You're probably right. It was somewhat reassuring to learn of the money printer variant — to me, the Warthog "brrrt" meme evokes human flesh being torn apart (also tanks, but strafing runs often target ground troops, and there are of course people inside those tanks) and it was unsettling to think that this post might be comparing the performance of Tramp to the extremely violent destruction of your adversaries.
I always downvote this brain rot low effort crap. An article could be a dissertation containing the meaning of life itself, but if it's meme-laden I'm not reading it. I get so annoyed by oft-repeated phrases ("This is the way", "Take my upvote", "This.", "This guy Xes", "ngl") and "go brr" this is no exception.
Nice and all, but what about the lessons we learned about running development as local as possible, eliminating the need for remote system access. all that sounds very 90's - 10s. These days you have a local environment that can emulate anything (see docker). Then you write code that interacts with that "anything" basically locally. When you are done with the code you can test and deploy - there is no need for remote access.

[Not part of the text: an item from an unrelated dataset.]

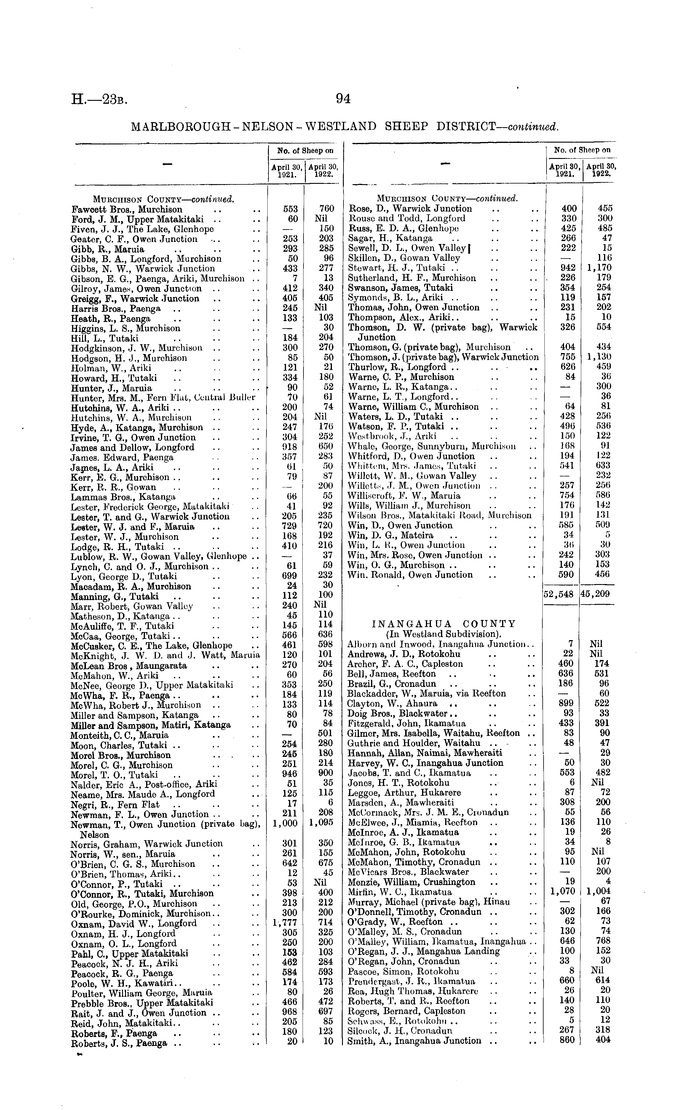No. of Sheep on April 30, April 30, 1921. 1922. No. of Sheep on April 30, April 30, 1921. 1922. MuiiciiisoN County— continued. Fawcett Bros., Murchison F'ord, J. M., Upper Matakitaki Fiven, J. J., The Lake, Glenhopo Geator, C. FT, Owen Junction Gibb, R., Maruia Gibbs, B. A., Longford, Murchison Gibbs, N. W., Warwick Junction Gibson, E. G., Paonga, Ariki, Murchison .. Gilroy, Jamos, Owen Junction Greigg, F., Warwick Junction Harris Bros., Paenga Heath, R., Paenga Higgins, L. S., Murchison Hill, L., Tutaki Hodgkinson, J. W., Murchison Hodgson, H. J., Murchison Holman, W., Ariki Howard, H., Tutaki Hunter, J., Maruia Hunter, Mrs. M., Fern F'lat, Central Buller Hutchins, W. A., Ariki Hutchins, W. A., Murchison Hyde, A., Katanga, Murchison Irvine, T. G., Owen Junction James and Bellow, Longford James. Edward, Paenga James, L. A., Ariki Kerr, E. G, Murchison Kerr, R. R., Gowan Lammas Bros., Katanga Lester, Frederick George, Matakitaki Lester, T. and G, Warwick Junction Lester, W. J. and P., Maruia Lester, W. J., Murchison Lodge, R. II., Tutaki Lublow, R. W., Cowan Valley, Glenhope .. Lynch, C. and O. J., Murchison Lyon, George D., Tutaki Macadam, R. A., Murchison Manning, G., Tutaki Marr, Robert, Gowan Valley Matheson, D., Katanga MoAuliffo, T. P., Tutaki McCaa, George, Tutaki McCusker, C. E., The Lake, Glenhope McKnight, J. W. D. and J. Watt, Maruia McLean Bros , Maungarata McMahon, W., Ariki McNee, George ])., Uppor Matakitaki McWha, F. R., Paenga McWha, Robert J., Murchison Miller and Sampson, Katanga Miller and Sampson, Matiri, Katanga Monteith, C. ft, Maruia Moon, Charles, Tutaki Morel Bros., Murchison Morel, ft G-, Murchison Morel, T. O., Tutaki Nalder, Eric A., Post-olfice, Ariki Neame, Mrs. Maude A., Longford Negri, R., Fern Flat Newman, P. L., Owen Junction Newman, T., Owen Junction (private hag), Nelson Norris, Graham, Warwick Junction Norris, W., sen., Maruia O'Brien, C. G. S., Murchison O'Brien, Thomas, Ariki O'Connor, P., Tutaki O'Connor, R., Tutaki, Murchison Old, George, P.O., Murchison O'Rourke, Dominick, Murchison.. Oxnam, David W., Longford Oxnam, H. J., Longford Oxnam, O. L., Longford Pahl, ft, Upper Matakitaki Peacock, N. J. H., Ariki Peacock, R. G., Paenga Poole, W. H., Kawatiri.. Poultor, William George, Maruia Prebble Bros., Upper Matakitaki Rait, J. and J., Owen Junotion Reid, John, Matakitaki.. Roberts, F., Paenga Roberts, J. S., Paenga 553 60 253 293 50 433 7 412 405 245 133 184 300 85 121 334 90 70 200 204 247 304 918 357 61 79 700 Nil 150 203 285 96 277 13 340 405 Nil 103 30 204 270 50 21 180 52 61 74 Nil 176 252 650 283 50 87 200 55 92 235 720 192 216 37 59 232 30 100 Nil 110 114 636 598 101 204 56 250 119 114 78 84 501 280 180 214 900 35 115 6 208 1,095 Murchison County— continued. Rose, D., Warwick Junction Rouse and Todd, Longford Russ, E. D. A., Glenhopo Sagar, II., Katanga Sewell, D. L., Owen Valley | Skillen, D., Gowan Valley Stewart, H. J., Tutaki Sutherland, H. F., Murchison Swanson, James, Tutaki Symonds, B. L., Ariki Thomas, John, Owon Junction Thompson, Alex., Ariki.. Thomson, D. W. (private bag), Warwick Junction Thomson, G. (privatebag), Murchison Thomson, J. (private bag), Warwick Junction Thurlow, R., Longford .. .. .. Warne, C. P., Murchison Warne, L. R., Katanga.. Warne, L. T., Longford.. Warne, William ft, Murchison Waters, L. D., Tutaki Watson, F. P., Tutaki Westbrook, J., Ariki Whale, George, Sunnyburn, Murchison Whitford, D., Owen Junction Whittem, Mrs. James, Tutaki Willott, W. M., Gowan Valley .. Willetts, J. M., Owen Junction .. Williscroft, F. W., Maruia Wills, William J., Murchison Wilson Bros., Matakitaki Road, Murchison Win, D., Owen Junetion Win, D. G, Mateira Win, L. It., Owon Junction Win, Mrs. Rose, Owen Junction Win, (). G, Murchison Win. Ronald, Owen Junction 400 330 425 266 222 942 226 354 119 231 15 326 404 755 626 84 455 300 485 47 15 116 1,170 179 254 157 202 10 554 434 1,130 459 30 300 36 81 256 536 122 91 122 633 232 256 586 142 131 509 5 30 303 153 456 64 428 496 150 168 194 541 66 41 205 729 168 410 257 754 176 191 585 34 36 242 140 590 61 699 24 112 240 45 145 566 461 120 270 60 353 184 133 80 70 INANGAHUA COUNTY (In Westland Subdivision). Alborn and lnwood. Inangahua Junction. . Andrews, J. D., Rotokohu Archer, F. A. ft, Capleston Bell, Jamos, Iteefton Brazil, G., Cronadun Blackadder, W., Maruia, via Reefton Clayton, W., Ahaura Doig Bros., Blackwater Fitzgerald, John, Ikamatua Gilmer, Mrs. Isabella, Waitahu, Reefton .. Guthrie and Houlder, Waitahu Hannah, Allan, Naimai, Mawheraiti Harvey, W. ft, Inangahua Junetion Jacobs. T. and ft, Ikamatua Jonos, H. T., Rotokohu Leggoe, Arthur, Hukarere Marsden, A., Mawheraiti McCormack, Mrs. J. M. Y., Cronadun McElwce, J., Miamia, Reefton Mclnroo, A. J., Ikamatua Mciuroe, G. B., Ikamatua McMahon, John, Rotokohu McMahon, Timothy, Cronadun McVicars Bros., Blackwater Monzie, William, Crushington Mirfin, W. ft, Ikamatua Murray, Michael (private bag), Hinau O'Donnell, Timothy, Cronadun O'Grady, W., Reefton O'Malley, M. S., Cronadun O'Malley, William, Ikamatua, Inangahua .. O'Regan, J. J., Mangahua Landing O'Regan, John, Cronadun Pascoc, Simon, Rotokohu Prendergast, J. It., Ikamatua Rea, Hugh Thomas, Hukarere Roberts, T. and It., Roofton Rogors, Bernard, Capleston Schuass, li., Rotokohu Silcock, J. H., Cronadun Smith, A., Inangahua Junction .. 52,548 7 22 460 636 186 45,209 Nil Nil 174 531 96 00 522 33 391 90 47 29 30 482 Nil 72 200 56 110 26 8 Nil 107 200 4 1,004 67 166 73 74 768 152 30 Nil 614 20 110 20 12 318 404 899 93 433 83 48 254 245 251 946 51 125 17 211 1,000 50 553 6 87 308 55 136 19 34 95 110 301 261 642 12 53 398 213 300 1,777 305 250 153 462 584 174 80 466 968 205 180 20 350 155 675 45 Nil 400 212 200 714 325 200 103 284 593 173 26 472 697 85 123 10 19 1,070 302 62 130 646 100 33 8 660 26 140 28 5 267 860

VMs should not be ssh'd into anymore - they should just be stamped over with the latest code drop. I mean did we not learn anything from the entire devops/ci/cd/immutability lessons of the last 10 years?
Tramp is an absolute garbage implementation (yeah, its author is just a
terrible, sophomoric programmer) of the most naive mechanism you could
imagine: bring the file over, edit it, copy it back. "celeritascelery"
is genuinely better off using vim and git remotely, his hard-on for
magit notwithstanding.
Sad to see it's still so far from vscode. Is there really no way to make emacs magically work like vscode without modifying packages
Idk maybe invent something like jit-compilation but for remote/local code. Profile rtt latency then somehow dynamically calculate optimal local-remote code split and transfer remote part to remote machine
/ssh:<remote host>|docker:<docker container>
Also if you like copying (potentially large) files via dired, consider temporarily
(setq tramp-default-method "rsync")
The blog talks about rsync vs ssh a bit.